▶ _Required work_: Copy out each line of the material exactly. Pictures do not belong in the copy.

(Beginning of Excerpted records)

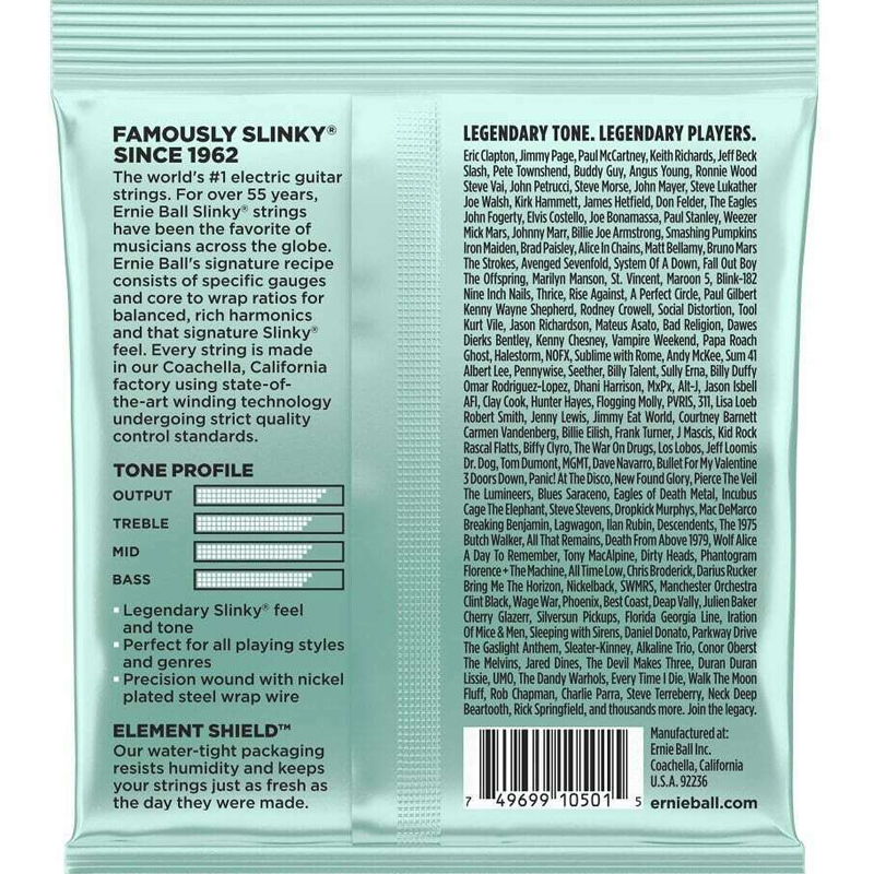 Las Slinky emplean un entorchado de niquel sobre hilo hexagonal para proporcionar el brillo y tensión requerido. Las cuerdas planas utilizan una aleación de carbono de acero para proporcionar un tono perfectamente balanceado.
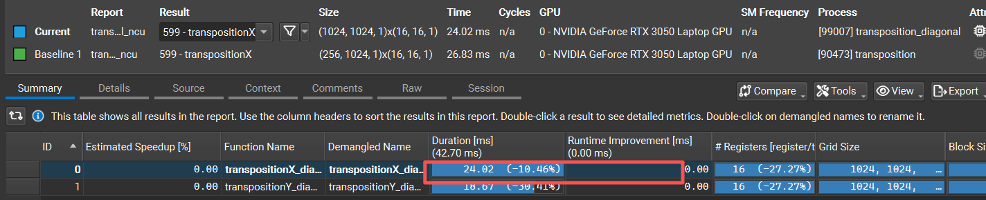 而按行转置可能会发生bank conflict,导致wrap中不同的线程访问同一块内存事务的地址,发生排队等待。其实后续的几种方法也是尽可能避免bank conflict,从而提高性能。
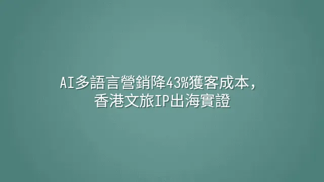 AI多語言營銷降43%獲客成本,香港文旅IP出海實證
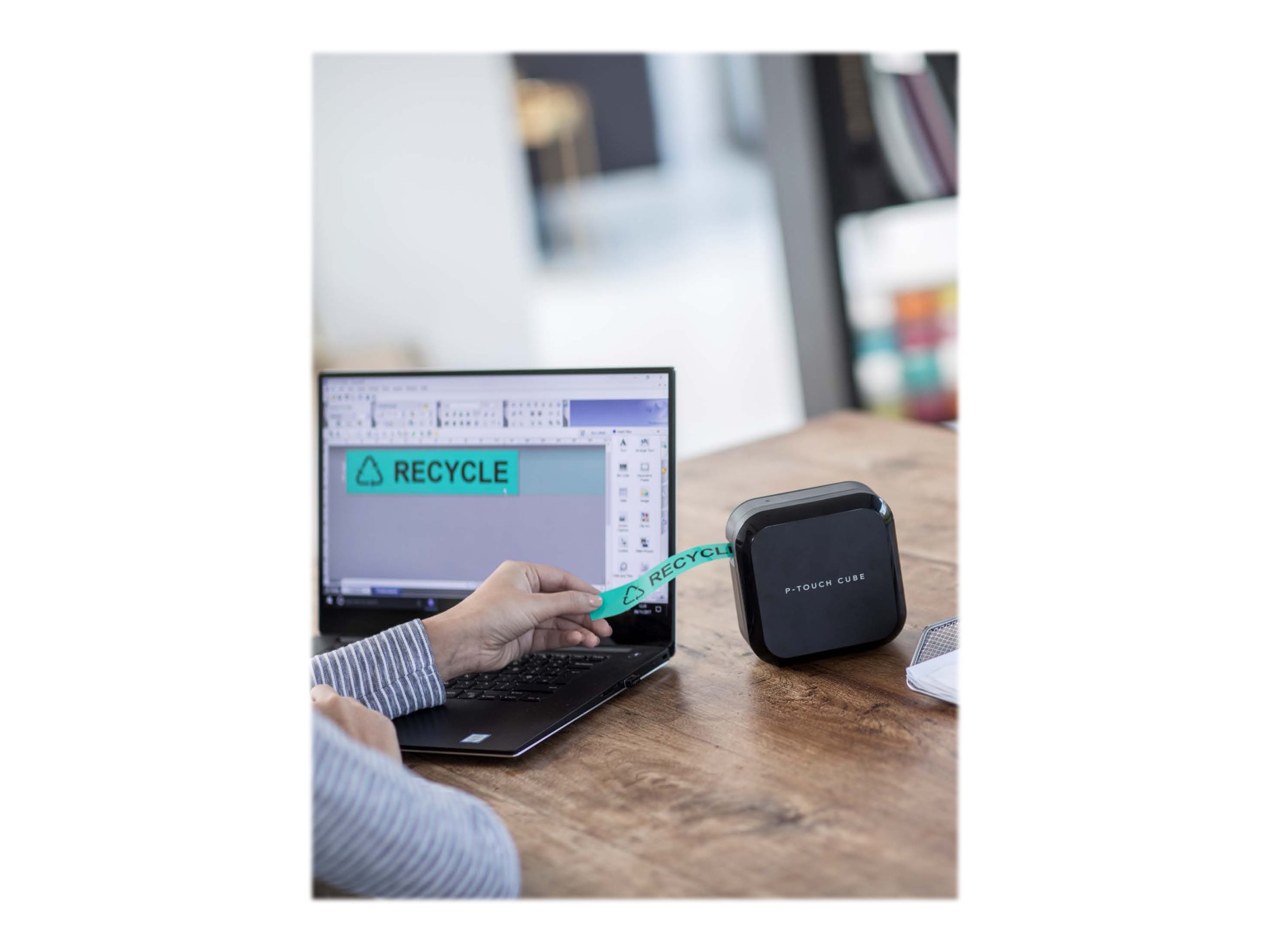 P-touch CUBE Plus er kompakt og optager ikke meget plads på skrivebordet, hvilket gør den nem at flytte og dele med kollegerne på kontoret.
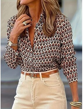 Mulheres Camiseta Com Corte Imprimir Gráfico Geométrica Vintage à moda Moderno Manga Longa Decote V Tops regulares Diário Branco Rosa Rosa empoeirada Marron Cáqui Primavera Outono
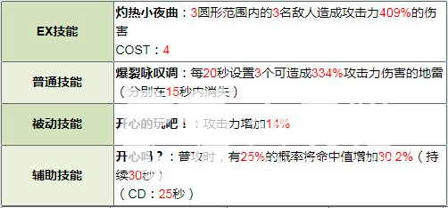 我们再来看看睦月的各项技能强度,首先我们可以看到她的EX技能可以用圆形的方式对三个圆形范围以内的3个敌人造成409%的伤害,并且圆圈叠加的地方伤害也是叠加的哦。加上普通技能爆裂咏叹调又可以设置带有伤害的地雷,每个地雷可以造成334%的伤害,被动技能又增加了14%的伤害,辅助技能也是提高攻击的命中率。一切的一切,都是为了提高睦月的伤害,这些技能伤害加成放在一起,睦月的伤害可以说是非常高了,绝对是平民小伙伴们的战斗扛把子。
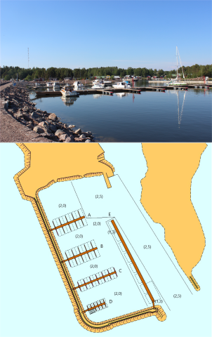 Laiturissa on 1-2 vieraspaikkaa, sivukiinnitys. Väyläsyväys 1,0 m.

(End of Excerpted records)

▶ _Completed exercise_:
 Las Slinky emplean un entorchado de niquel sobre hilo hexagonal para proporcionar el brillo y tensión requerido. Las cuerdas planas utilizan una aleación de carbono de acero para proporcionar un tono perfectamente balanceado.
 而按行转置可能会发生bank conflict,导致wrap中不同的线程访问同一块内存事务的地址,发生排队等待。其实后续的几种方法也是尽可能避免bank conflict,从而提高性能。
 AI多語言營銷降43%獲客成本,香港文旅IP出海實證
 P-touch CUBE Plus er kompakt og optager ikke meget plads på skrivebordet, hvilket gør den nem at flytte og dele med kollegerne på kontoret.
 Mulheres Camiseta Com Corte Imprimir Gráfico Geométrica Vintage à moda Moderno Manga Longa Decote V Tops regulares Diário Branco Rosa Rosa empoeirada Marron Cáqui Primavera Outono
 我们再来看看睦月的各项技能强度,首先我们可以看到她的EX技能可以用圆形的方式对三个圆形范围以内的3个敌人造成409%的伤害,并且圆圈叠加的地方伤害也是叠加的哦。加上普通技能爆裂咏叹调又可以设置带有伤害的地雷,每个地雷可以造成334%的伤害,被动技能又增加了14%的伤害,辅助技能也是提高攻击的命中率。一切的一切,都是为了提高睦月的伤害,这些技能伤害加成放在一起,睦月的伤害可以说是非常高了,绝对是平民小伙伴们的战斗扛把子。
 Laiturissa on 1-2 vieraspaikkaa, sivukiinnitys. Väyläsyväys 1,0 m.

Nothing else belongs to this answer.